Le carton humide peut offrir une cachette fraîche aux limaces, surtout dans un jardin humide et très ombragé. Ce risque augmente lorsqu’il est posé trop près des tiges ou recouvert d’une couche végétale épaisse et compacte. Laissez les collets dégagés, évitez les excès d’eau et soulevez ponctuellement les bords pour observer. Dans une zone très touchée, préférez une couverture plus aérée et surveillez les plantations jeunes.
Combien de temps le carton met-il à se décomposer dans le jardin ?
Un carton brun ondulé humidifié commence souvent à se ramollir en quelques semaines, puis se fragmente progressivement. Il peut disparaître en quelques mois dans un sol vivant et humide, tandis qu’il persiste davantage sous un climat sec ou s’il a été posé en plusieurs couches. Cette lenteur n’est pas un défaut : le carton doit durer assez longtemps pour freiner les adventices, sans devenir une couverture permanente.
Le carton est-il efficace contre le chiendent et le liseron ?
Le carton ralentit ces vivaces, mais ne les élimine pas à lui seul. Le chiendent et le liseron possèdent des réserves souterraines et peuvent repartir par les bords, les fentes ou depuis une racine oubliée. Coupez-les très régulièrement et extrayez les rhizomes accessibles avant de poser le carton. Renouvelez l’observation pendant la saison : les pousses qui ressortent doivent être supprimées dès leur apparition.
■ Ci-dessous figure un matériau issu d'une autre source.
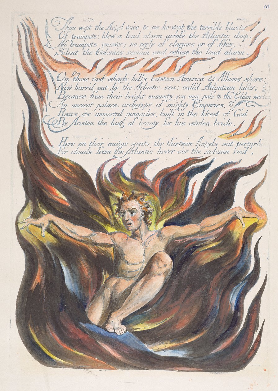 illustration · romantic · romanticist · poem · poetry · american revolution · male · nude · fire · fiery · visionary · allegory · american revolutionary war · engulfed in flames · lost soul · vision · portent · Yale Center for British Art, Paul Mellon Collection, USA / Bridgeman Images

Faut-il ajouter de l’engrais sous un paillage carton ?
Non, le carton ne justifie pas un apport d’engrais automatique. Il apporte surtout une couverture et une matière carbonée qui se décompose lentement ; il ne nourrit pas à lui seul une culture exigeante. Pour des légumes gourmands ou une plantation neuve, apportez plutôt du compost mûr dans le trou de plantation ou en fine couche sur le sol. Évitez de mettre un engrais directement sous un carton sec et compact.